Girls of the Golden West is an opera in two acts with music by John Adams and a libretto by Peter Sellars. The San Francisco Opera commissioned the work jointly with Dallas Opera, the Dutch National Opera (De Nationale Opera) and Teatro La Fenice in Venice. The opera was premiered in San Francisco on November 21, 2017. The running time is 160 minutes.

==Composition history==
The opera is inspired by the 1851/1852 letters of Louise Clappe, who lived for a year and a half in the mining settlement of Rich Bar (now Diamondville, California) during the California Gold Rush. Clappe published the letters under the pen name Dame Shirley. The libretto is also sourced from other literature of the period, including newspaper articles and the writings of Mark Twain.

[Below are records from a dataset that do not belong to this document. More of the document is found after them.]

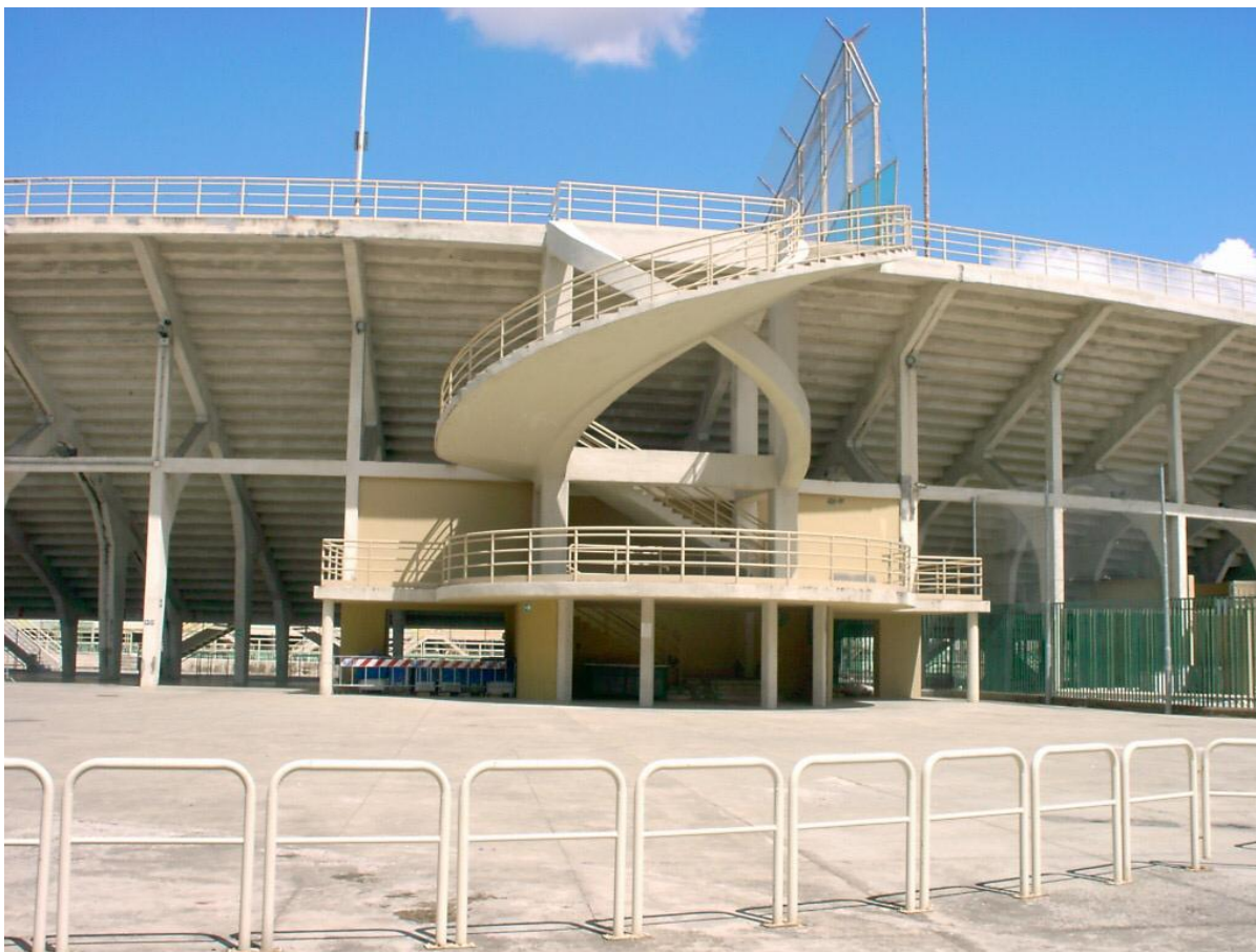
Le Stadio Artemio Franchi à Florence, Italie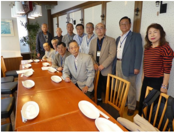
橿原市・大和高田市・周辺地域

日時・開催場所等は、次回10月号支部報でご案内いたします。会費は当日、現地で徴収致します。 2019年度新入会員は会費無料です 下記は2018年度地域別懇談会 各地での開催写真です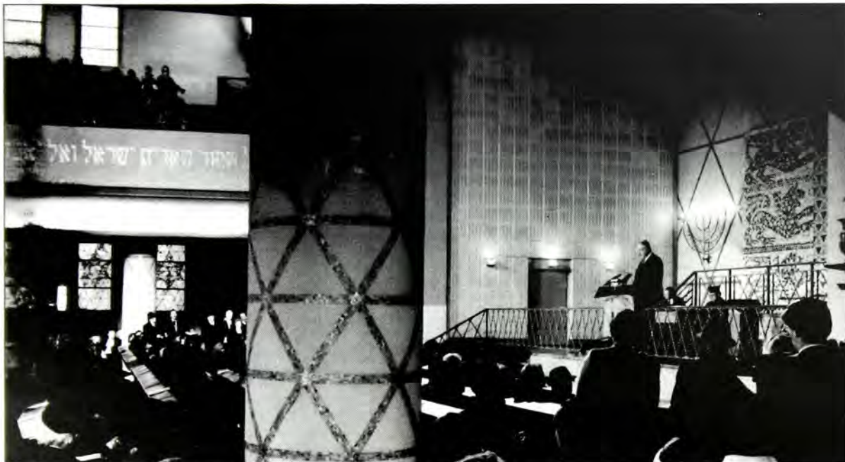
Ο κ. Χέλμουτ Κολ κατά την ομιλία στη Δυτική Συναγωγή της Φρανκφούρτης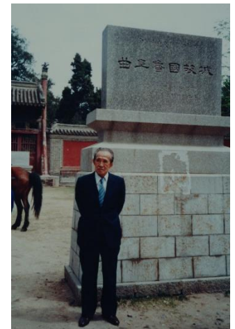
昭和63(1988)年 曲阜魯国故城遺跡碑の前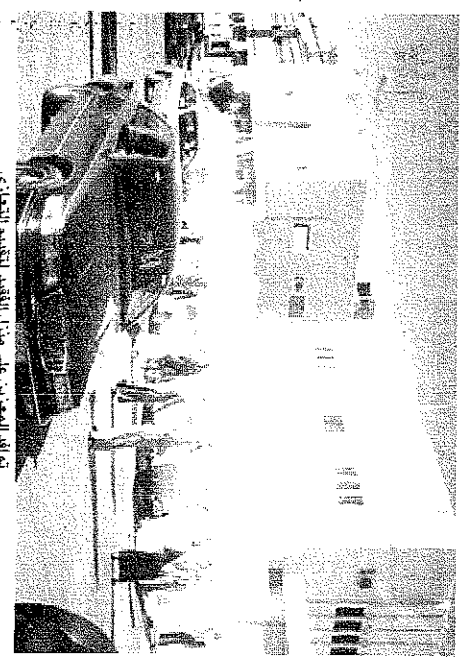
في ظل العجز عن توفير العلاج المناسب لمرضه

الذات يحيى الموتى وذكر فضيلة الشيخ السبلحاني ان ذكر الموت نجس على بعض اصحابه وقوله الموتى موتات وفي رواية اخرى في اداء الجوازات كان في الارض الصلاة الجامعة

Adams wrote, "To be able to set to music the authentic voices of these people, whether from their letters or their songs or from newspaper accounts from their time, is a great privilege for me." Sellars, who also directed the opera, conceived the libretto while doing research for a production of Giacomo Puccini's 1910 opera La fanciulla del West (based on David Belasco's 1905 play The Girl of the Golden West), which also deals with the gold rush period. According to Sellars, "These true stories of the Forty-Niners are overwhelming in their heroism, passion and cruelty, telling tales of racial conflicts, colorful and humorous exploits, political strife and struggles to build anew a life and to decide what it would mean to be American."

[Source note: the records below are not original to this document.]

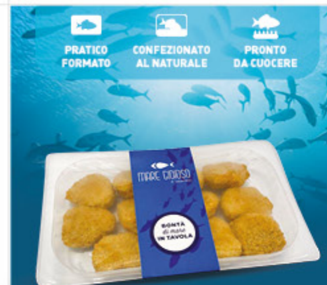
NUGGETS DI MERLUZZO G 300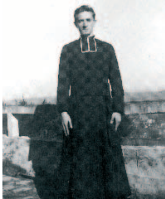
Uztaritzeko ikastegian apezgai, 1937an

Eliza honetan erne zitzaion Iratzederri kristau fedea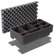
1510TPKIT TrekPak Koffer Teiler Kit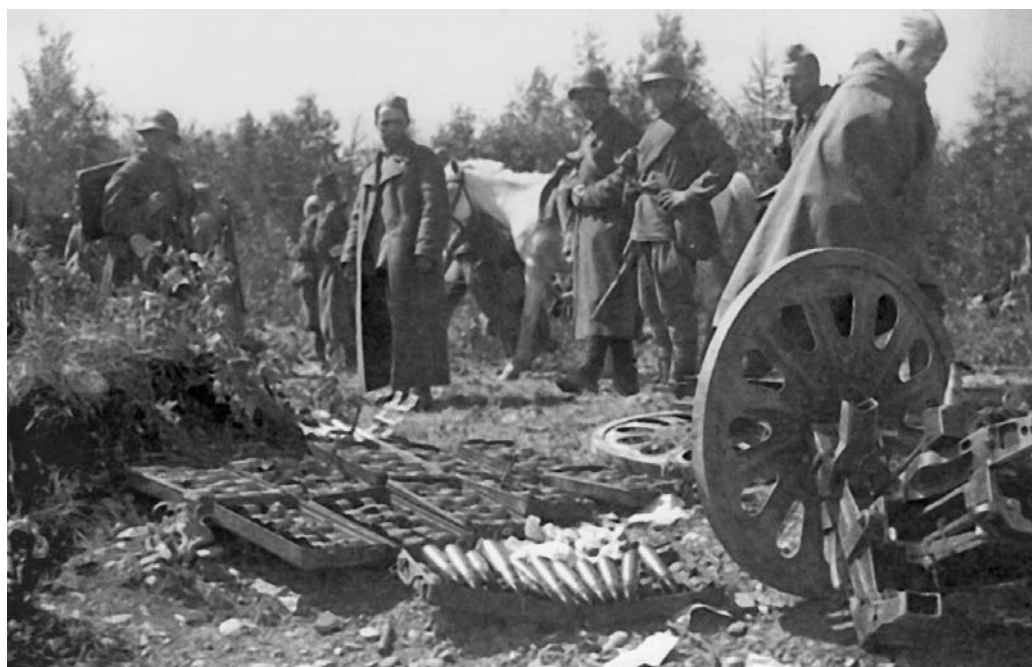
Советские солдаты у трофеев, захваченных на Сахалине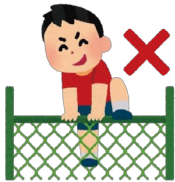
フェンスに登らない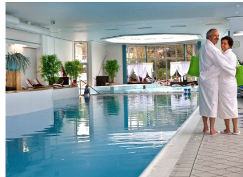
Die QuellenTherme lädt zum Ein- und Abtauchen ein.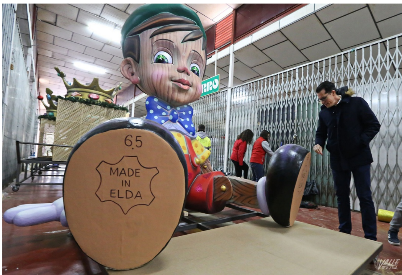
Ahora se están ultimando los trabajos para la Cabalgata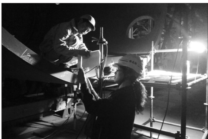
2017年1月2日,晚上21:07 广州南沙东方电气(广州)重型机器有限公司车间

的质量管控力度。 自2016年改革驻厂监督模式以来,华北站的驻厂监督将自主巡检与见证点监督相结合,并加大周末、节假日、夜间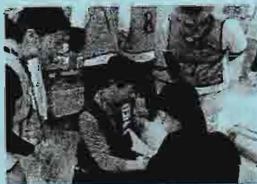
重症度によってラベルを色分けします

第一小学校地域では北多摩病院、東山病院、飯野病院になります。病院の軒先に救護施設を作り怪我の重さによって別の病院に運んだりする訓練です。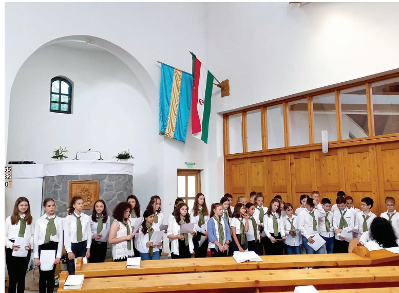
A mikós és a medgyesi gyerekek a sepsiszentgyörgyi belvárosi templomban

Szórványprogramunk a nyári vakáció első napjaiban a medgyesi diákok sepsiszentgyörgyi látogatásával folytatódott. Programindítónak a sepsiszentgyörgyi Cimborák Bábsházában A fák titkos szíve című előadásra vettünk részt. Ezt egy afrikai népmese ihlette, aminek a témája szoros kapcsolatban áll a Bibliából ismerős élet fájával. A várost és környékét

Sellars's previous collaborations with Adams have included premiere productions of Nixon in China, The Death of Klinghoffer and Doctor Atomic (for which Sellars also wrote the libretto).

==Roles==

| Role | Voice type | Premiere cast, 21 November - 10 December 2017 (Conductor: Grant Gershon) | European Premiere cast, 28 February - 17 March 2019 (Conductor: Grant Gershon) | Los Angeles Premiere Cast, 27 & 29 January 2023 (Conductor: John Adams) |
|---|---|---|---|---|
| Dame Shirley | soprano | Julia Bullock | Julia Bullock | Julia Bullock |
| Ned Peters | bass-baritone | Davóne Tines | Davóne Tines | Davóne Tines |
| Joe Cannon | tenor | Paul Appleby | Paul Appleby (Lucas van Lierop March 13 & 17) | Paul Appleby |
| Ah Sing | soprano | Hye Jung Lee | Hye Jung Lee | Hye Jung Lee |
| Clarence | bass-baritone | Ryan McKinny | Ryan McKinny | Ryan McKinny |
| Josefa Segovia | mezzo-soprano | J'Nai Bridges | J'Nai Bridges | Daniela Mack |
| Ramón | baritone | Elliot Madore | Elliot Madore | Elliot Madore |
| Lola Montez | dancer | Lorena Feijóo |  |  |
| Fayette | actor | Kai Brothers | Carlos García Estévez |  |
| Chorus of Miners | Chorus of Male Voices | San Francisco Opera Chorus | Dutch National Opera Chorus | Los Angeles Master Chorale |

==Recording==
In January 2023 two live performances of the opera, performed at Walt Disney Concert Hall and conducted by the composer were recorded for Nonesuch Records, and were released in April 2024.